It’s always amazed me that Jay’s enjoyed so much success despite having a brilliance driven so far from the mainstream by manias about marginalia, things barely perceptible to most. In that vein, he’s written a book about Matthias Buchinger, an eighteenth-century German magician whose unlikely success even outdoes Jay’s. 

Buchinger was a 29-inch tall phocomelic who lacked properly formed limbs yet managed to gain acclaim in a variety of fields: marksmanship, bowling, illustration, music, dance and micrography. The latter gift–the ability to write in incredibly small letters–is the basis of the book and a part of an exhibit at the Met.

From Charles McGrath at the New York Times:

The magician Ricky Jay, considered by many the greatest sleight-of-hand artist alive, is also a scholar, a historian, a collector of curiosities. Master of a prose style that qualifies him as perhaps the last of the great 19th-century authors, he has written about oddities like cannonball catchers, poker-playing pigs, performing fleas and people who tame bees. But probably his most enduring interest is a fellow polymath, an 18th-century German named Matthias Buchinger.

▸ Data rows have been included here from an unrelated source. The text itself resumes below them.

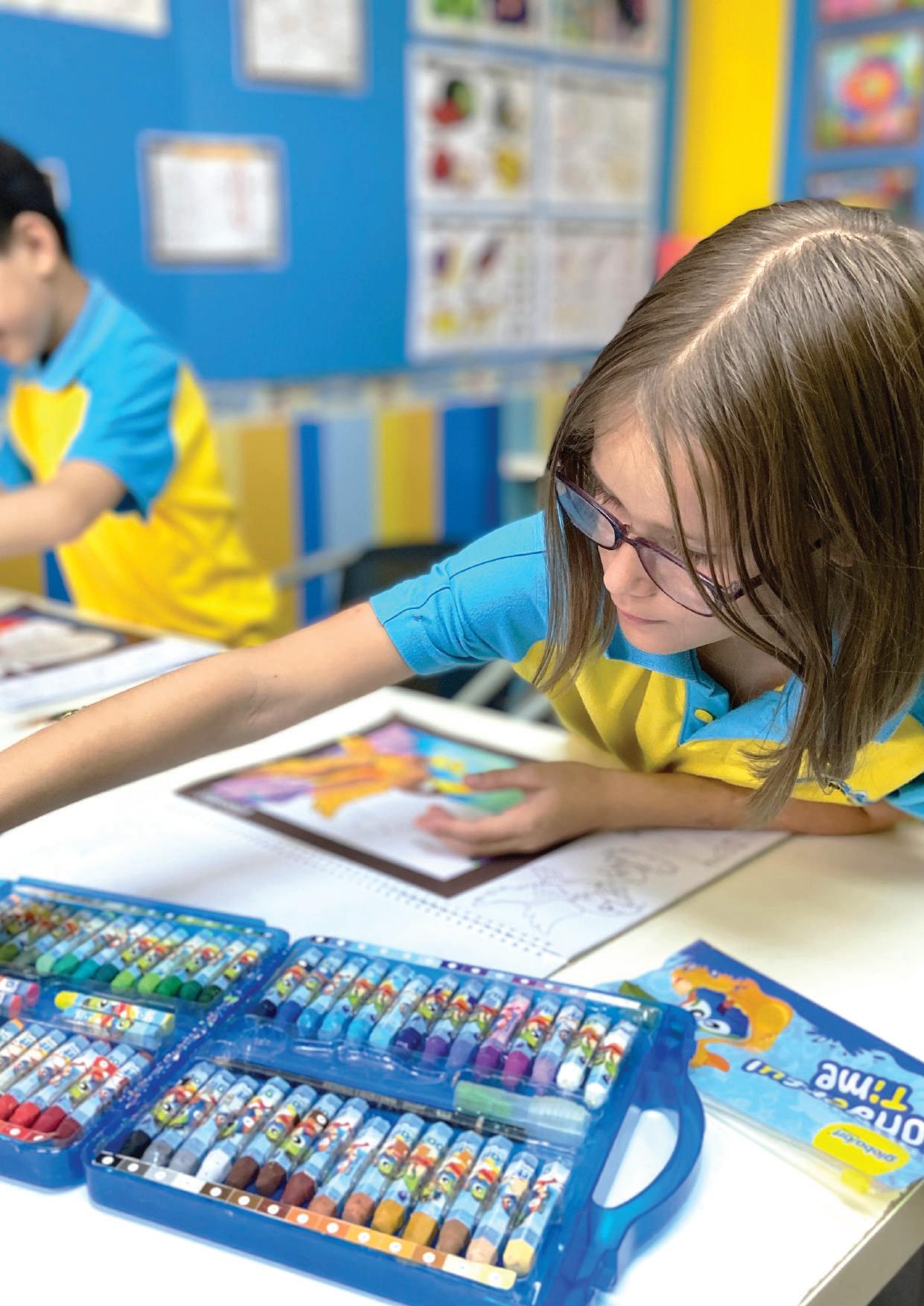 In art classes, children are encouraged to be creative by seeing things from a di erent perspective and to think outside the box. This helps them develop imagination and prob lem-solving skills.
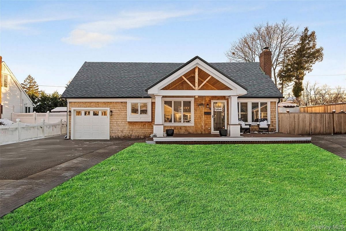 Welcome home to this charming 4-bedroom, 2-full-bath home in North Babylon, updated and spacious for both everyday living and entertaining. The first floor features beautiful hardwood floors, a bright living room with a cozy fireplace, and separate dining rooms that flow nicely for gatherings. The updated kitchen offers stainless steel appliances, granite countertops, and ample cabinet space. A first-floor bedroom and updated full bathroom provide added convenience, while the second level includes three additional bedrooms and another full bathroom. The full finished basement offers excellent additional living space, ideal for a home office, gym, or media room. Outside, enjoy a nicely sized, fully fenced yard with a paver patio perfect for outdoor entertaining. The home also features two driveways, making parking easy. Additional highlights include oil heat, central air conditioning, and sewers.
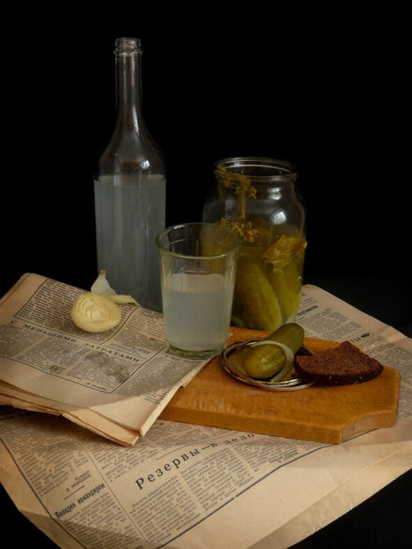Колька опять хохотнул, выловил из трехлитровой банки соленый огурец и начал нарезать его не очень ровными дольками. В пять минут стол был накрыт.
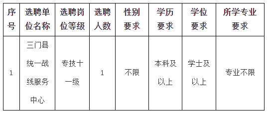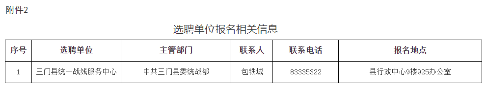 因工作需要,中共三门县委统战部下属事业单位三门县统一战线服务中心决定在全县范围内选聘财政全额拨款事业编制工作人员1名。现将有关事项公告如下:
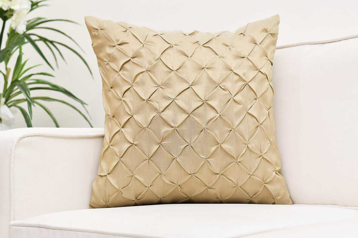 Funda de Almohada Euro Dorada (Seda Falsa, Pliegue al
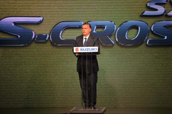 A népes japán meghívott takarásából előbújt miniszterelnök beszédében a japánok iparhoz való hozzáállását dicsérte. „Magyarország és a Suzuki útja egyfelé vezet” – mondta, s kiemelte, hogy minden itt gyártott Suzuki mögött magyar munkahelyek állnak, ezért is oly lényeges, hogy tavaly stratégiai megállapodást kötött a kormány a vállalattal. Az ország számára tagadhatatlanul fontos a gyár ittléte, ezért a korábbi ígéretek is újra elhangoztak, melyek szerint 2017 végéig állni fog az új komáromi Duna-híd, ami a vállalat teherszállító járművei számára lesz hasznos, és vele egy évben elkészül az Esztergomot az M1-es autópályával összekötő út.
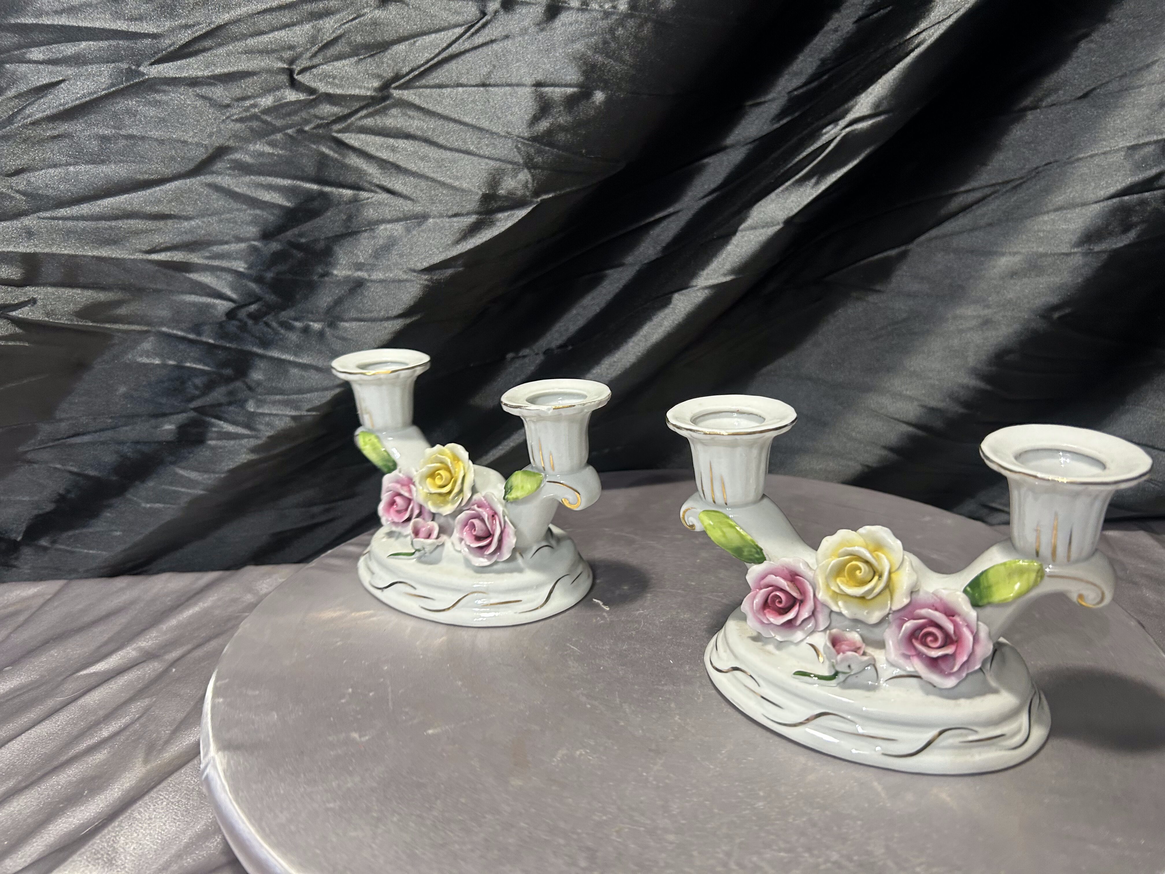 Świeczniki zdobione są ręcznie modelowanymi kwiatami — różami w pastelowych odcieniach różu i żółci — oraz złotymi akcentami charakterystycznymi dla porcelany dekoracyjnej tamtych lat. Delikatna forma, lekko rokokowa linia i staranne dopracowanie detali sprawiają, że zestaw prezentuje się niezwykle wdzięcznie i stanowi piękną ozdobę komody, toaletki czy salonowego stolika.
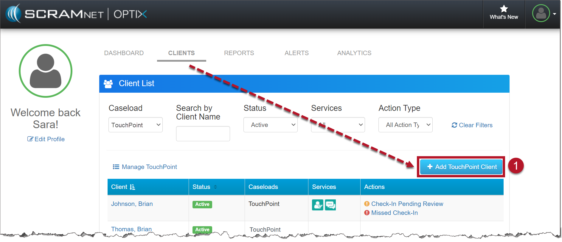 - If your client is already an active TouchPoint participant, select their name from the list on the Clients tab in Optix.
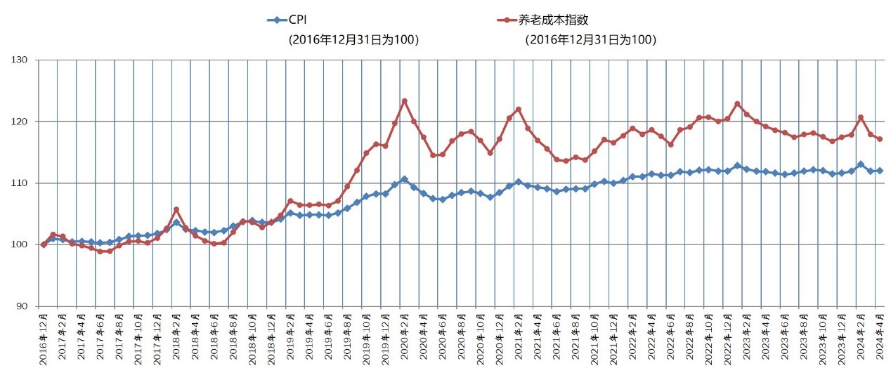 (图一):2016年底至2024年4月CPI及养老成本指数走势图
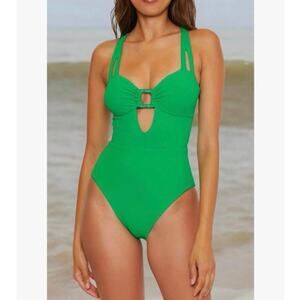 BECCA Standard Modern Edge One Piece Swimsuit Plunge Neck Green Large NWT
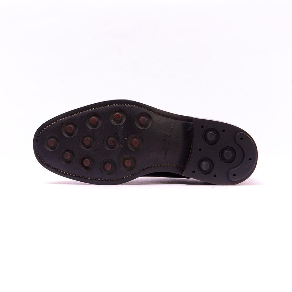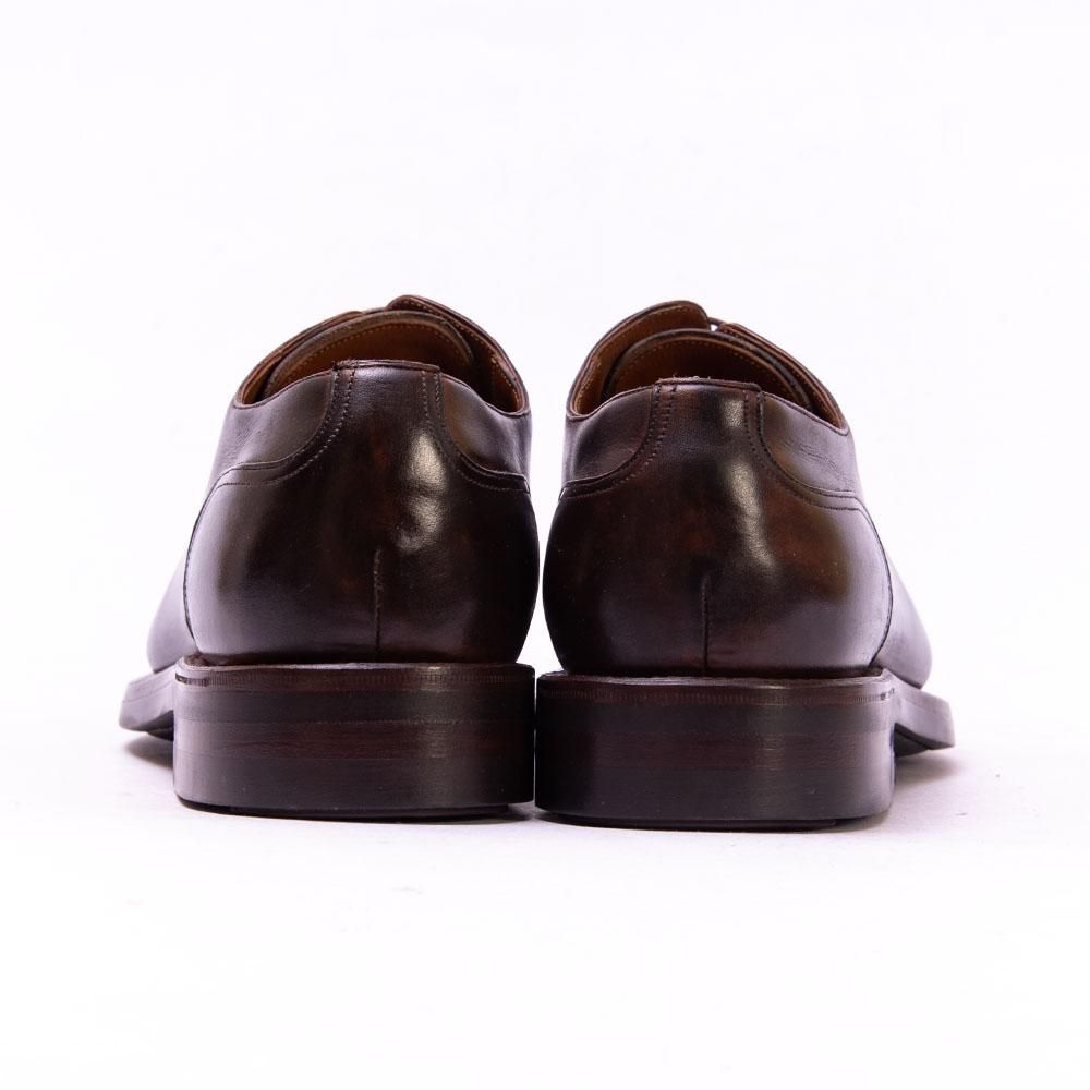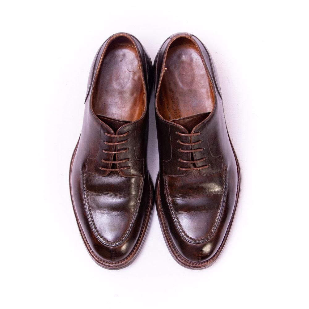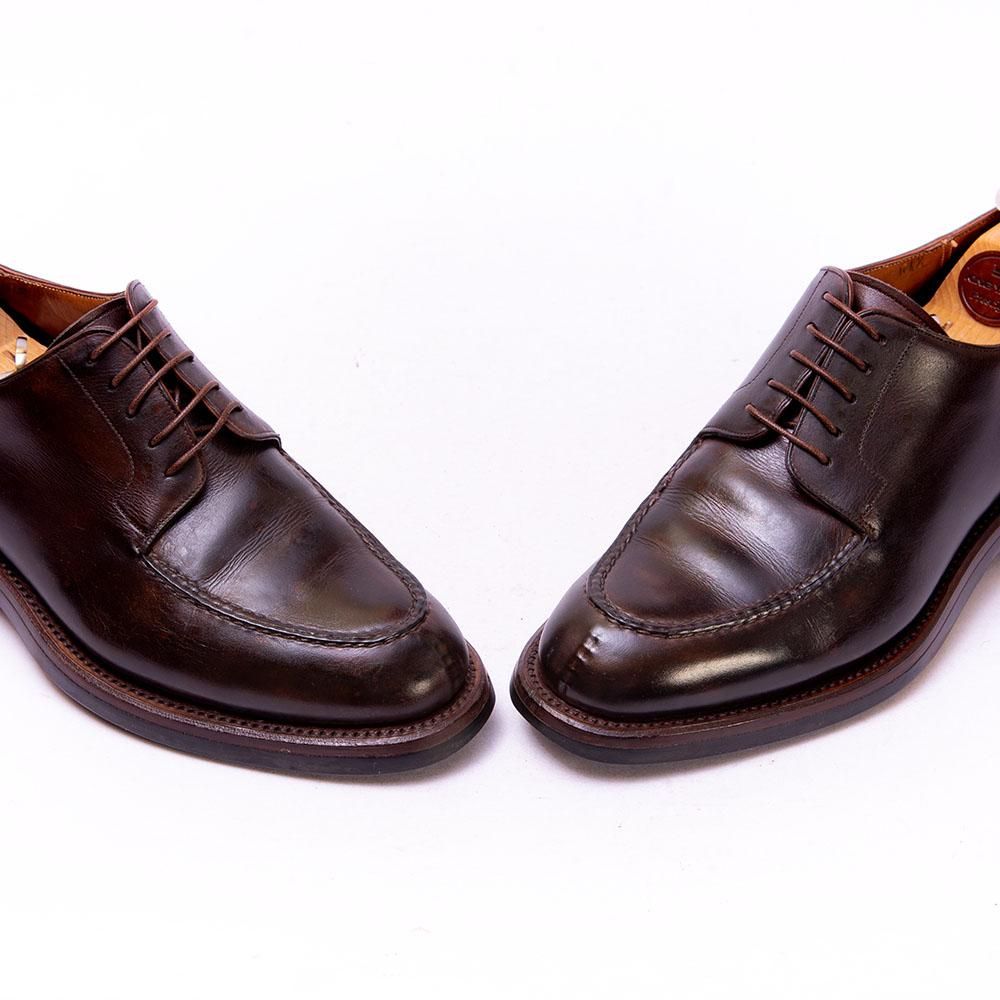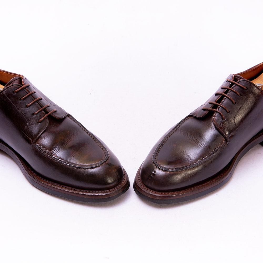 エドワードグリーンのドーバーを彷彿とさせるデザインのUチップダービー。爪先はスキンステッチのような凹凸が付けられていますが一枚革のイミテーションとなっています。こちらはムラ感のある染め替えが行われています。
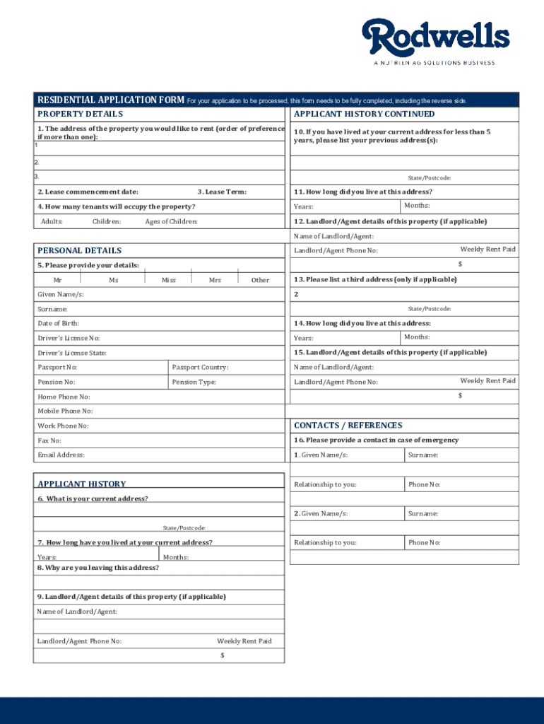 The Rodwells - rental application is a form that must be completed by individuals looking to rent a property through Rodwells Real Estate.
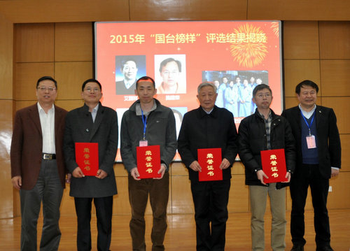 会上,还同时表彰了被评为2015年度“国台榜样”的个人和集体,艾国祥、施建荣、陈颖为和苟利军4位同志被评为“国台榜样”人物,嫦娥工程地面应用系统的数据管理分系统和通信与网络分系统被评为“国台榜样”集体。党委书记赵刚宣读了表彰决定,希望受表彰的个人和集体能够珍惜荣誉,再接再厉,把表彰作为新的起点;希望全台职工向“国台榜样”学习,求真务实,锐意进取,为建设世界一流的国家天文台做出新的贡献!

Buchinger (1674-1739) was a magician and musician, a dancer, champion bowler and trick-shot artist and, most famously, a calligrapher specializing in micrography — handwriting so small it’s barely legible to the naked eye. His signature effect was to render locks of hair that, when examined closely, spelled out entire Psalms or books from the Bible. What made his feats even more remarkable is that Buchinger was born without hands or feet and was only 29 inches tall. Portraits show him standing on a cushion and wearing a sort of lampshade-like robe. Yet he married four times and had 14 children. Some people have suggested that he also had up to 70 mistresses, but Mr. Jay says that’s nonsense.

Mr. Jay, 67, has been studying Buchinger and collecting his work since he was in his 20s and has now written a book about him, just out from Siglio, with the mouthful of a title Matthias Buchinger: “The Greatest German Living,” by Ricky Jay, Whose Peregrinations in Search of the ‘Little Man of Nuremberg’ are Herein Revealed.